As someone who hasn’t had that experience, I’m having such a hard time wrapping my head around this and how that previous status quo was at all healthy.
So it was the illusion of strength and stability that propped up trust in the relationship? How does crying destroy trust? There had to be more to it than just that.
> So it was the illusion of strength and stability that propped up trust in the relationship? How does crying destroy trust? There had to be more to it than just that.
If you were projecting social competence and emotional stability in the idiom of your culture and then you start acting like an upper middle class Californian your spouse may want to join you in that. Or they may view it as some combination of a huge red flag and an utter betrayal. Imagine if a (secular, orthodox or religious) Jewish Israeli told his wife he was a Muslim now. That’s what abandoning the cultural scripts a relationship was built on is like. If you’re not actually the person they thought they were in a relationship with they may be willing to try and make it work. Or not.

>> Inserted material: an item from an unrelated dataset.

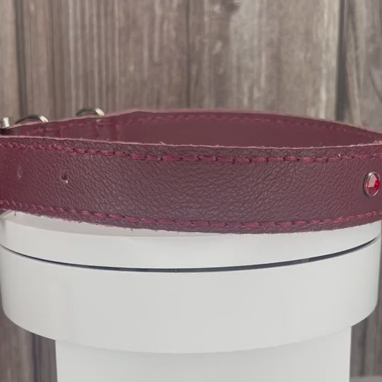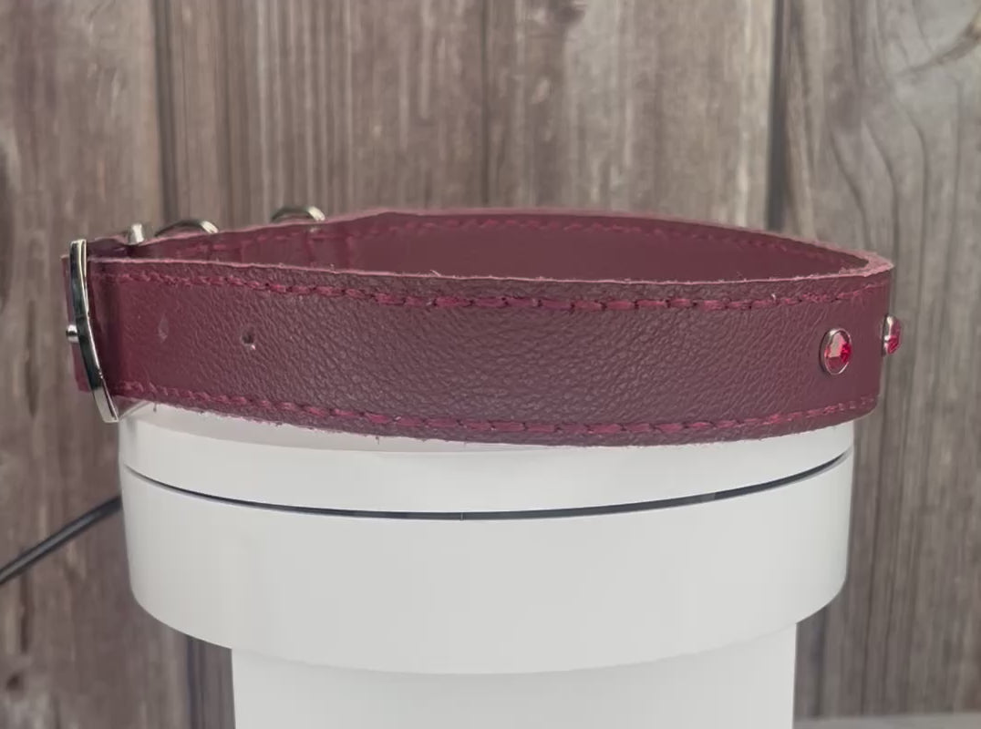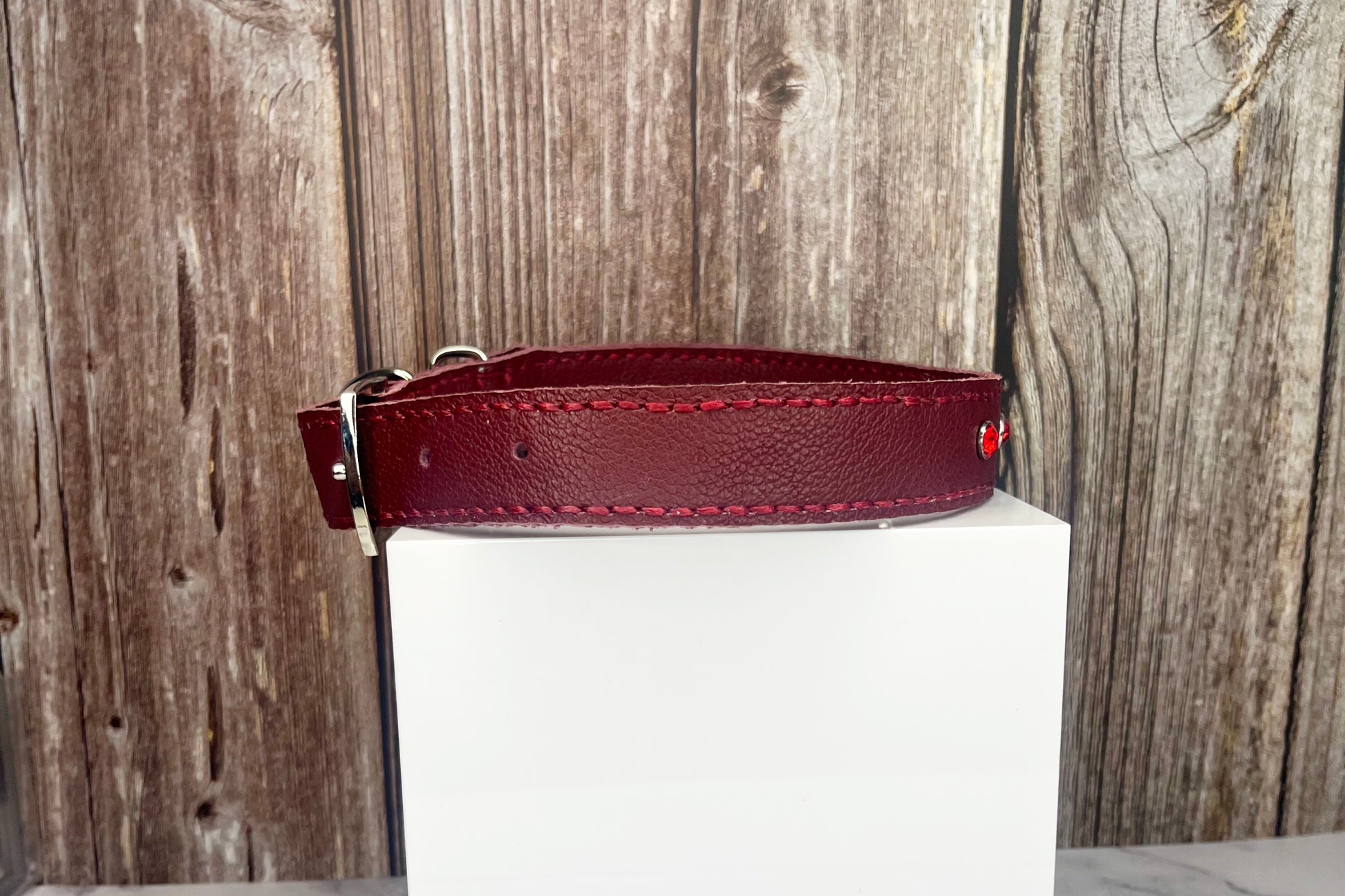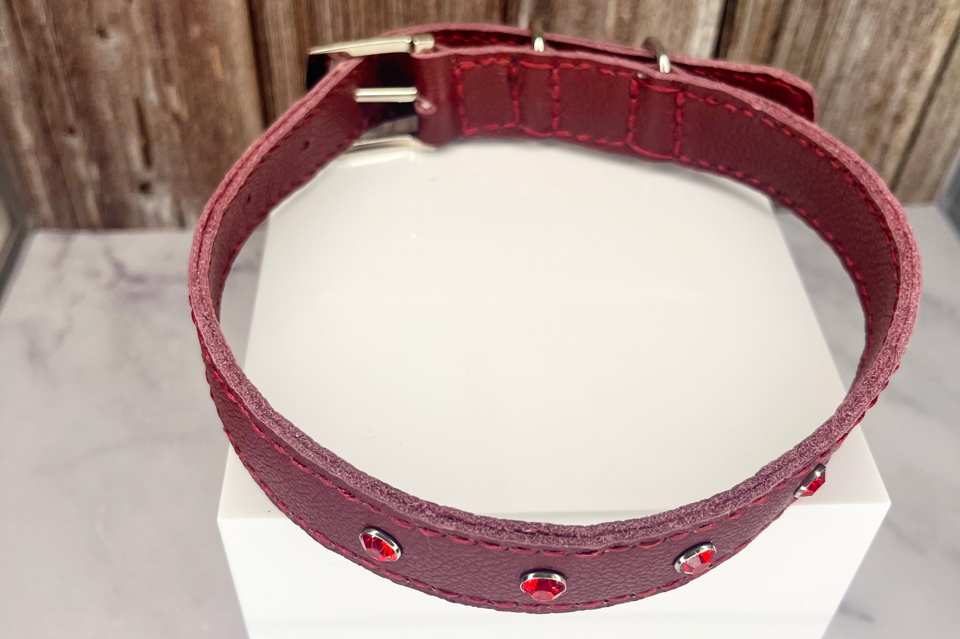 This Red leather collar is handmade and hand stitched in Red waxed thread, It has 4 Red Diamante Rivets

You're not wrong. She thought he's a proper orthodox Jew, he probably wasn't for a long time if ever, that definitely qualifies as an illusion. If hypothetical she were to leave, perhaps his illusion might have been that she'd not leave, but accept his decision and find a way to make it work regardless. Is she leaving because he kept his doubts a secret? I'd get that, can't have a working relationship without honesty. But if not: It's not like that sort of thing working out is completely unheard of, and while the HN audience tends to be dismissive of anything that doesn't feel simplistically rational, love is a pretty powerful thing that has overcome worse obstacles time and again.

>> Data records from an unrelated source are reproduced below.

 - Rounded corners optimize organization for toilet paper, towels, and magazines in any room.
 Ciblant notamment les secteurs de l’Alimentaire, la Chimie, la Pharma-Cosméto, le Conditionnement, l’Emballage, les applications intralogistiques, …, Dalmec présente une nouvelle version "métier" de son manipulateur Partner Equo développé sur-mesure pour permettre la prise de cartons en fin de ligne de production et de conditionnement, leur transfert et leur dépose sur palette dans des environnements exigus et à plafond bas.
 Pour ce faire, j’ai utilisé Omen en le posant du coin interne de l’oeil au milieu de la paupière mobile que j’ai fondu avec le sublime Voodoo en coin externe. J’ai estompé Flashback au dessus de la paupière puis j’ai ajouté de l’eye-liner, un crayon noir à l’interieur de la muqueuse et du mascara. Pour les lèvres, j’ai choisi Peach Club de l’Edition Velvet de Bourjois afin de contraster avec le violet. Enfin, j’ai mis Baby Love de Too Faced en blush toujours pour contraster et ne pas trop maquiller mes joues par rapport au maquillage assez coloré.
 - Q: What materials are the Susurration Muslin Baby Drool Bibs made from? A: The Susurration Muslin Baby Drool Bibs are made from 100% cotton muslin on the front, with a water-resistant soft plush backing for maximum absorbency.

The fraction of women who, consciously or unconsciously, see emotional vulnerability in men as repulsive is larger than most people would admit. That doesn't mean it isn't worth looking for one who doesn't. It may limit your dating pool a bit but I promise at the end of the day it's one hundred percent worth the effort.
If someone only trusts you because you act like an emotionless robot, they're not worth hanging out with. You want to hang out with people who accept your whole self, weaknesses and strengths included.

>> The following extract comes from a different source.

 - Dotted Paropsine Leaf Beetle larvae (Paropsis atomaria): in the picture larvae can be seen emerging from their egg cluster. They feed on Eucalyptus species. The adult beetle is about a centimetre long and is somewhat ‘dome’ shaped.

At some point in your life you might need support to go through dark and difficult times - you want people who are there for you throughout those periods.
I agree, but I think most people model others in their head quite crudely so whenever someone breaks outside of their box of expectations, that someone is no longer serving the same role in the relationship, and risks being shunned or replaced. Purely conjecture though.
On the flip side, now closer to an emotionless robot due to such experiences, I find people relying on me for my emotionless roboticism.